## WORK ITEM
Exact copy, pictures excluded: output the lines from the opening of the entries through the line bearing "A child carries".

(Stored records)
====================
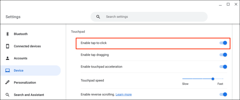 The “Tap-to-click” feature allows you to left-click in ChromeOS by tapping the trackpad or touchpad. Disable the feature if you unintentionally tap or brush your touchpad too often.
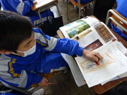 2年4組、美術。「美」しく、つくる・感じるための「術」を学ぼう!
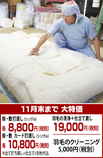 同社の特徴は熟練職人による布団の打ち直し仕立て。自分の好みの硬さ、厚み、体に合わせた調整をしてくれる。寒くなる時期に向け、ふっくらふかふかの布団に。「布団が重い」と感じる人はカード打ちがお勧め!出張無料。まずは【電話】を。
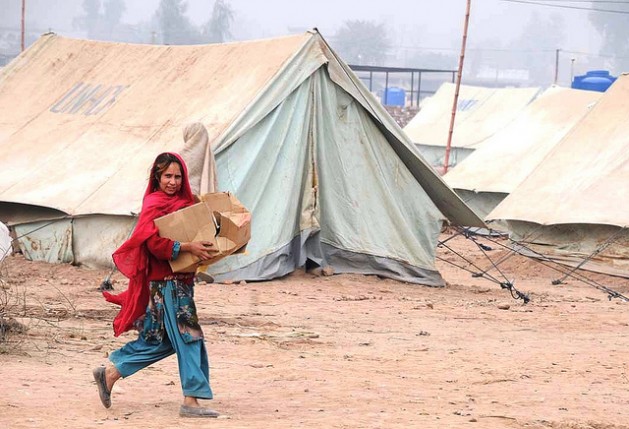 A child carries a box of relief supplies to her tent at the Mardan refugee camp in Pakistan. Credit: Ashfaq Yusufzai/IPS
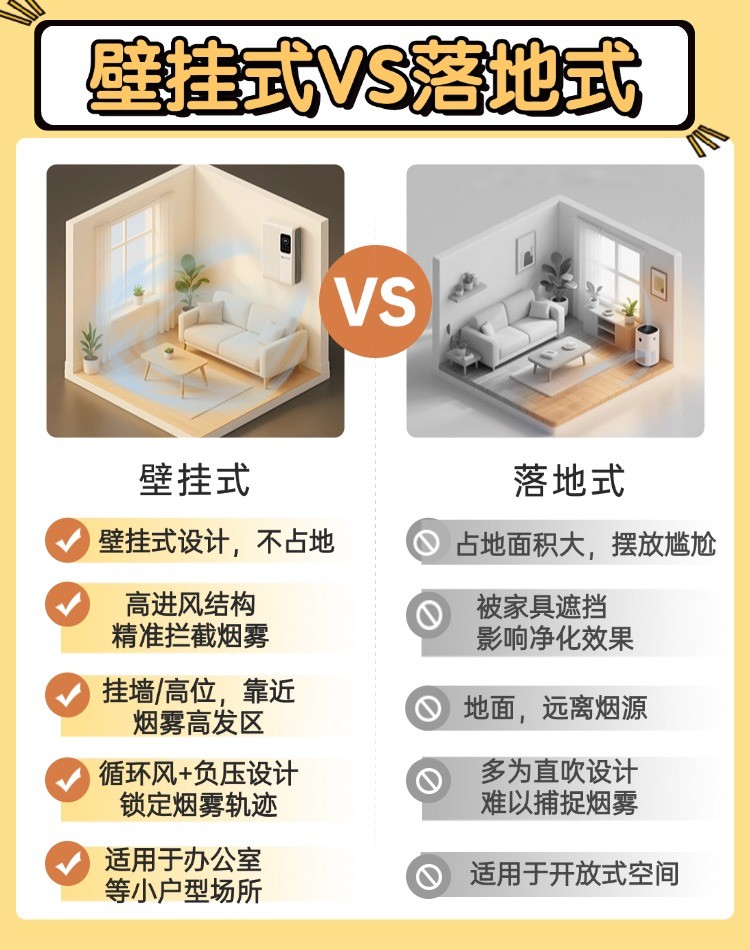 办公室空气净化器什么牌子好?二手烟先往上走,再扩散到房间,高位进风的壁挂式能在扩散前拦住大部分烟雾。这是结构优势,落地式很难弥补。
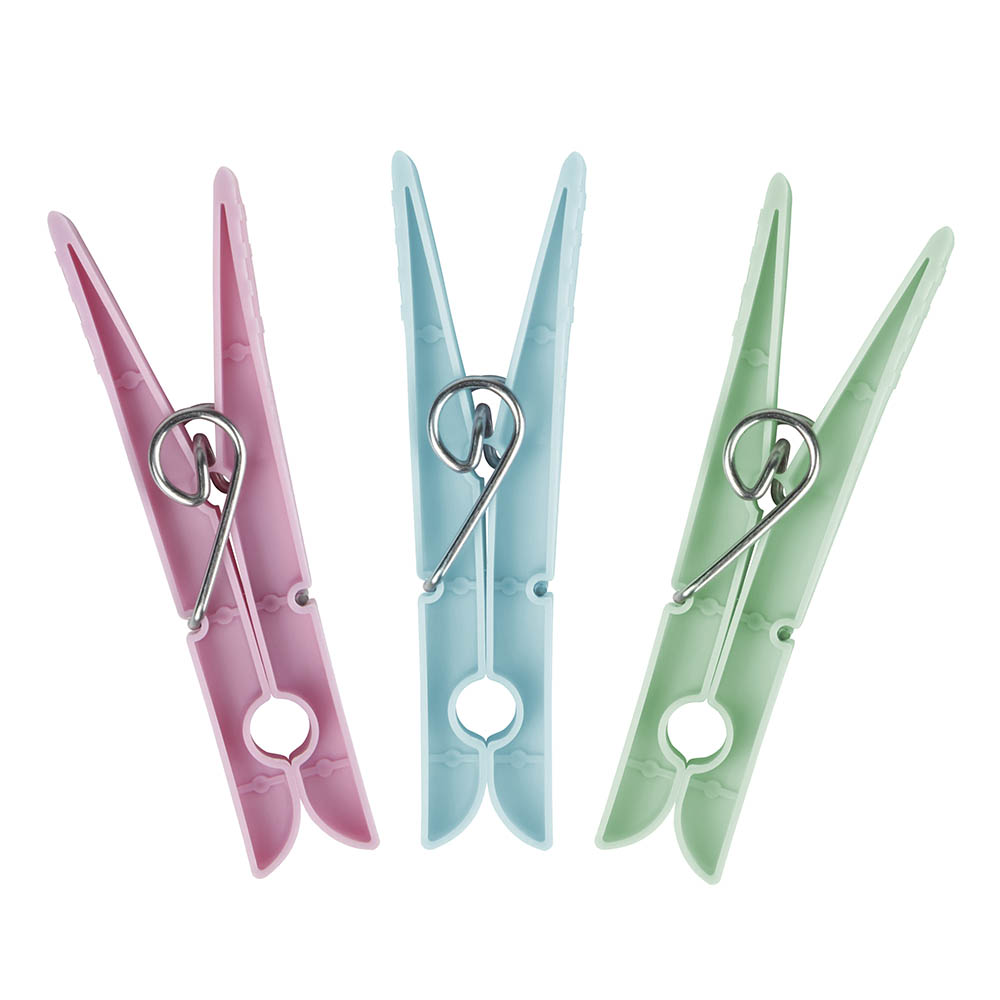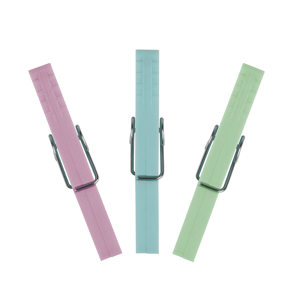 O Prendedor Mor traz cores suaves pra colorir o seu varal, sendo doze unidades divididas em rosa, verde e azul. Eles são ideais para peças pequenas e leves. Sua estrutura é feita em polipropileno com arame em aço, garantindo maior durabilidade sem marcar suas roupas. Perfeitos para ficar sempre à mão durante as tarefas domésticas.
====================
## EXERCISE RESPONSE
 The “Tap-to-click” feature allows you to left-click in ChromeOS by tapping the trackpad or touchpad. Disable the feature if you unintentionally tap or brush your touchpad too often.
 2年4組、美術。「美」しく、つくる・感じるための「術」を学ぼう!
 同社の特徴は熟練職人による布団の打ち直し仕立て。自分の好みの硬さ、厚み、体に合わせた調整をしてくれる。寒くなる時期に向け、ふっくらふかふかの布団に。「布団が重い」と感じる人はカード打ちがお勧め!出張無料。まずは【電話】を。
 A child carries a box of relief supplies to her tent at the Mardan refugee camp in Pakistan. Credit: Ashfaq Yusufzai/IPS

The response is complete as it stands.